In this study, we sequenced intrahost ZIKV from a rhesus macaque mother and her deceased fetus and identified a single subconsensus mutation, M1404I, in the NS2B coding region. We then focused sequencing at position 1404 in ZIKV from 9 additional pregnant rhesus macaques and their fetuses, where we found that it was present at a minority frequency in 5 additional animals but was not detectable or was present at a frequency of ∼1% in the inoculum. Given its rise in frequency, we hypothesized that the mutant confers increased fitness in rhesus macaques and, by extension, other vertebrates. We therefore performed parallel infections with ZIKV M1404 and ZIKV I1404 in nonpregnant rhesus macaques and pregnant mice as well as mixed infections in nonpregnant rhesus macaques.
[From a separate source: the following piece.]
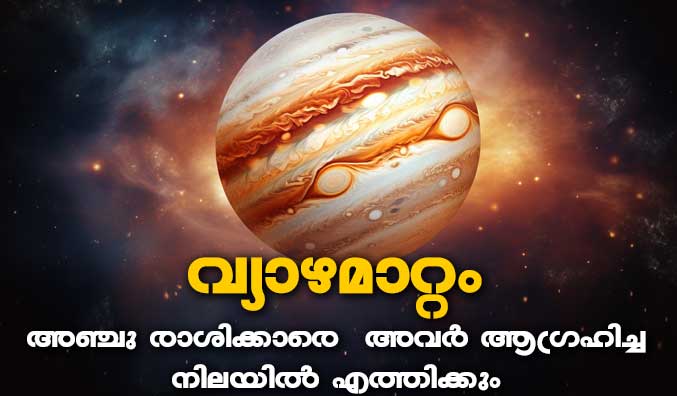 2026 ജൂൺ 2നു സംഭവിക്കുന്ന വ്യാഴമാറ്റം അഞ്ചു രാശിക്കാരെ അവർ ആഗ്രഹിച്ച നിലയിൽ എത്തിക്കും. തൊഴിലിൽ ഉന്നത നിലയിൽ എത്തിക്കും

Since ZIKV is primarily mosquito borne, viral genomes that evolve in vertebrates must be maintained in mosquitoes to persist in alternating vertebrate-mosquito-vertebrate cycling. To test this concept and to better understand why ZIKV I1404 was detected at a low frequency in humans during outbreaks, despite increasing in frequency intrahost in pregnant rhesus macaques, we compared the transmissibility of ZIKV M1404 and ZIKV I1404 by parallel infections of Aedes aegypti vectors.

RESULTS

A ZIKV mutation arises de novo or increases in frequency in experimentally inoculated pregnant rhesus macaques.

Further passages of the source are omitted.